= Exercise details =
Your task is to restate word for word the lines in the material below, from the one with "each creature. |" up to and including the one with "The Blaze has". Do not carry over the pictures.

= Supplied information =
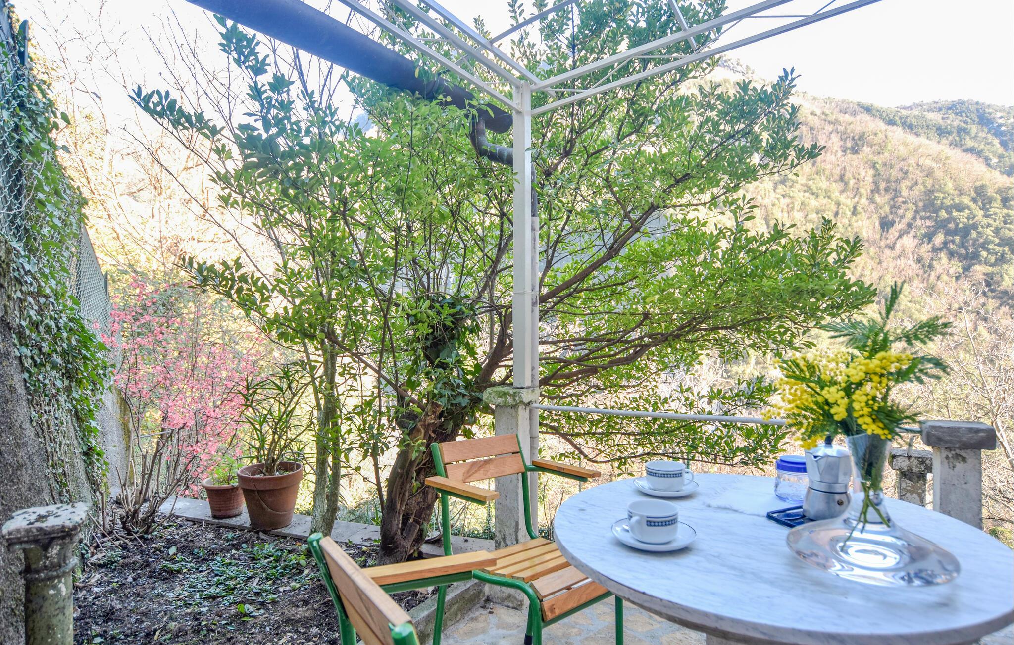 Udearealet byder på en idyllisk terrasse og et hyggeligt opholdsområde med udsigt til de imponerende bjerge. Begynd dagene med en udendørs morgenmad eller nyd en kop espresso, mens I nyder naturens fredelige atmosfære.
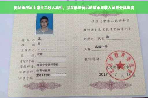 摘要:本文将揭示重庆富士康员工的真实收入情况,深度解析收入证明背后的故事。同时介绍如何开具重庆富士康的收入证明,帮助读者了解富士康员工的薪资真相,以及了解如何合法获取收入证明,解决相关疑问和困惑。正文将详细介绍收入的构成、影响因素和具体开具流程。
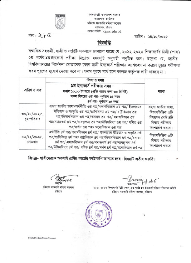 ২০২২-২০২৩ শিক্ষাবর্ষের ডিগ্রী (পাস) ২য় বর্ষের ১ম ইনকোর্স পরীক্ষার সময়সূচি প্রকাশ
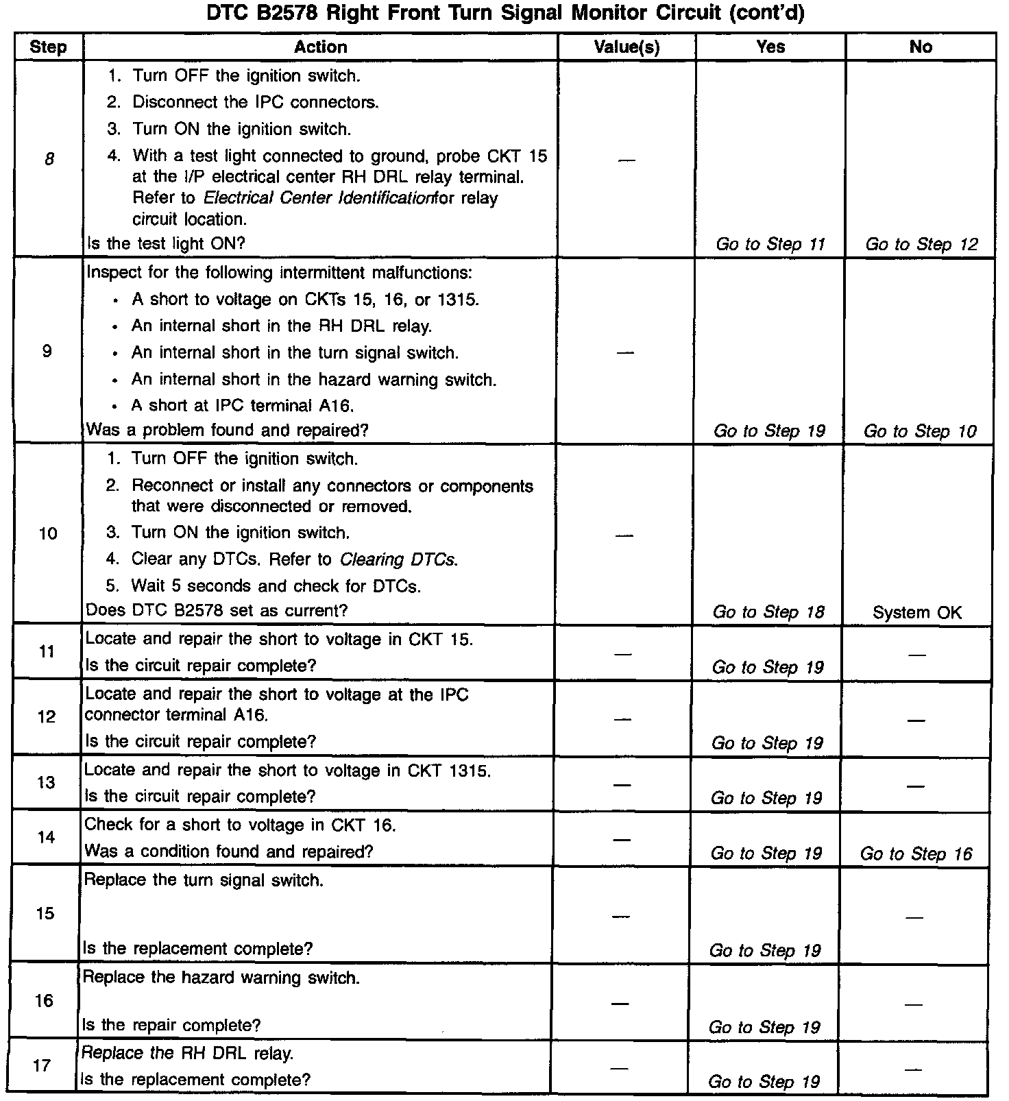 DTC B2578 Right Front Turn Signal Monitor Circuit (Part 3 Of 3):
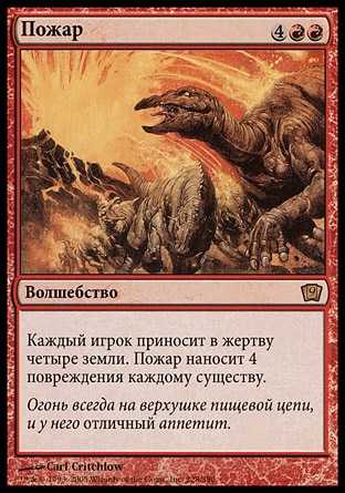 | Card Text | Each player sacrifices four lands. Wildfire deals 4 damage to each creature. |
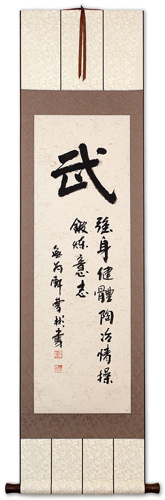 Below this martial character is an inscription that reads, "强身健体 陶冶情操 锻炼意志". This means, "Strengthen your body, relax your mind, train your spirit".
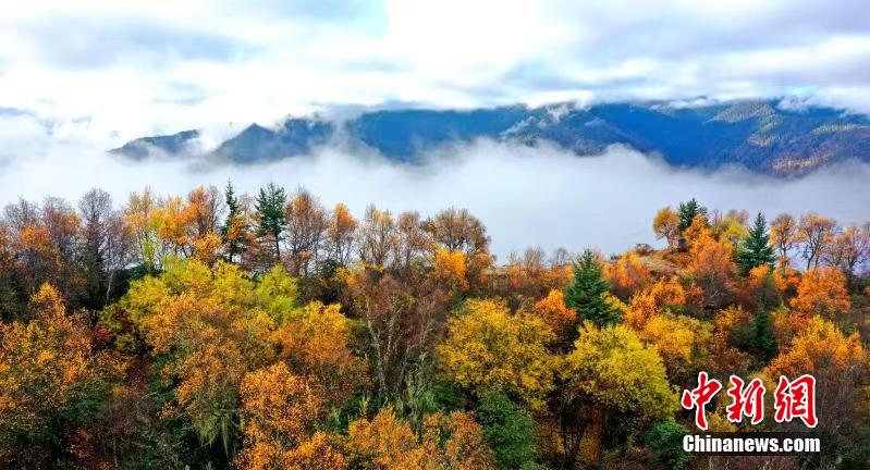 深秋時(shí)節(jié),四川馬爾康市馬爾康鎮(zhèn)阿底村賽馬山迎來(lái)彩林觀(guān)賞的最佳季節(jié)。放眼望去,海拔3500米的賽馬山上彩林連綿延伸至茫茫云海,遠(yuǎn)方雪山四面環(huán)繞,宛如仙境一般。阿壩州文體旅游局供圖
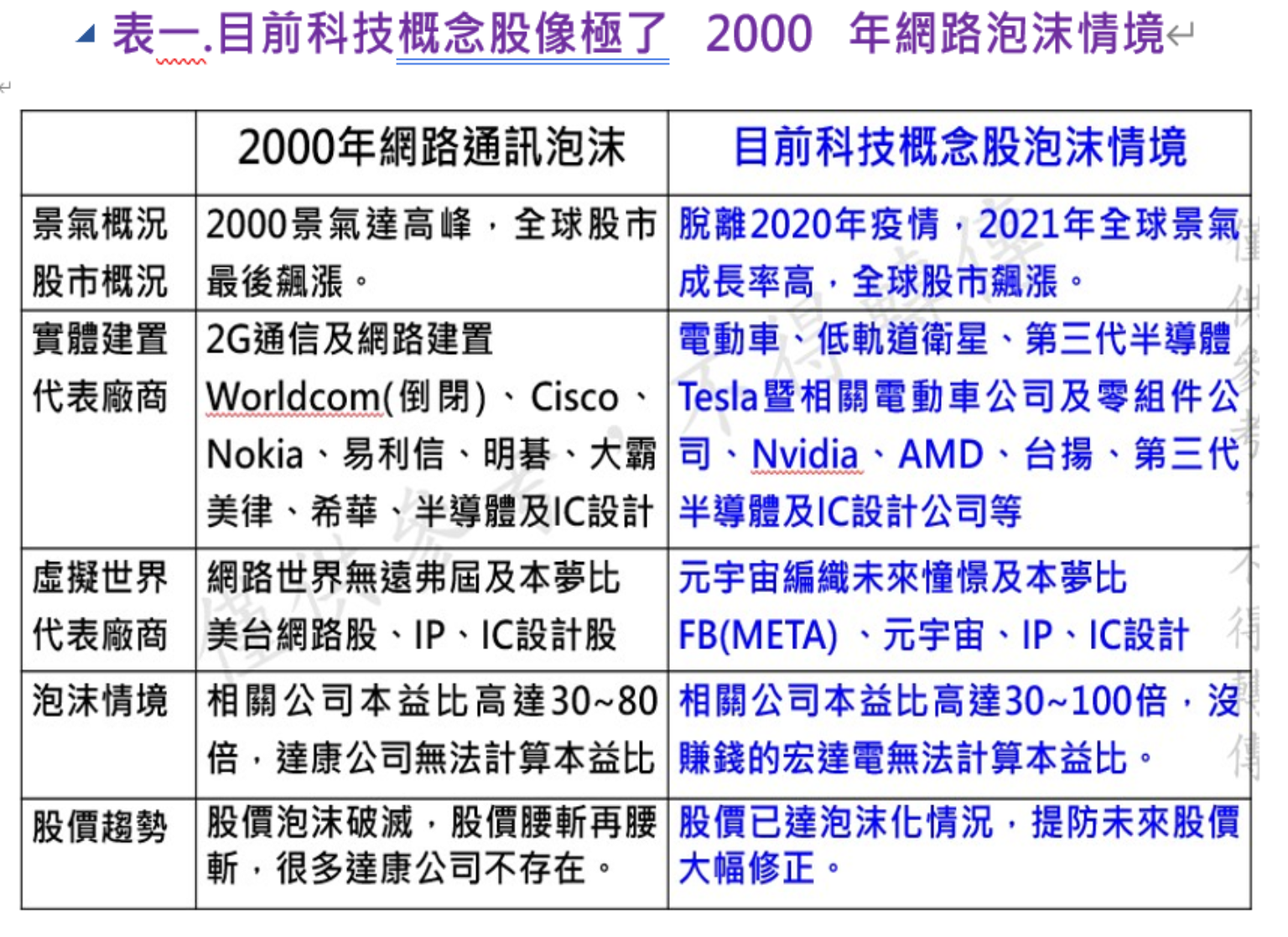 加以近期一大堆上市櫃科技公司也假託元宇宙的美好憧憬及畫大餅,分析師也開始以未來數年獲利來推薦目標價,大做本夢比行情的情況,像極了2000年網路泡沫情況。
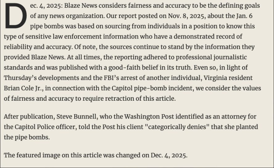 The Blaze has finally retracted its story accusing a former Capitol Police officer of being the Jan 6th pipe bomber, after a different person was arrested today. pic.twitter.com/ATL4bEQny5
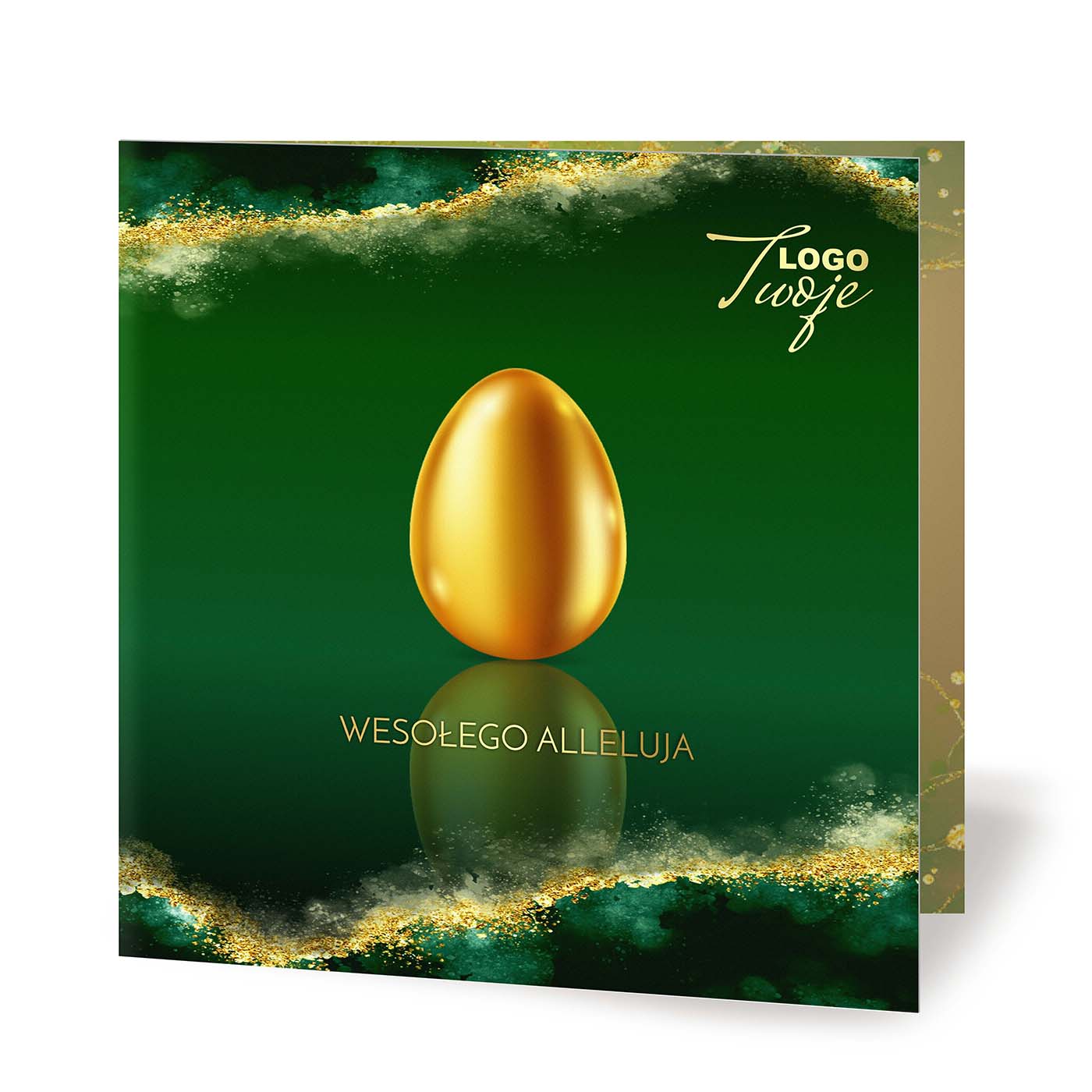 Na okładce znajduje się motyw złotych pisanek, który nadaje kartce świąteczny charakter. Wykorzystany wysokiej jakości druk cyfrowy oferuje efekt błysku jako nadrukowany detal, co stanowi nowoczesną alternatywę dla tradycyjnych złoconych elementów. Kartka jest wykonana z dwustronnie zadrukowanego, sztywnego papieru, co podkreśla jej elegancję i profesjonalizm.

= Task output =
 | Card Text | Each player sacrifices four lands. Wildfire deals 4 damage to each creature. |
 Below this martial character is an inscription that reads, "强身健体 陶冶情操 锻炼意志". This means, "Strengthen your body, relax your mind, train your spirit".
 深秋時(shí)節(jié),四川馬爾康市馬爾康鎮(zhèn)阿底村賽馬山迎來(lái)彩林觀(guān)賞的最佳季節(jié)。放眼望去,海拔3500米的賽馬山上彩林連綿延伸至茫茫云海,遠(yuǎn)方雪山四面環(huán)繞,宛如仙境一般。阿壩州文體旅游局供圖
 加以近期一大堆上市櫃科技公司也假託元宇宙的美好憧憬及畫大餅,分析師也開始以未來數年獲利來推薦目標價,大做本夢比行情的情況,像極了2000年網路泡沫情況。
 The Blaze has finally retracted its story accusing a former Capitol Police officer of being the Jan 6th pipe bomber, after a different person was arrested today. pic.twitter.com/ATL4bEQny5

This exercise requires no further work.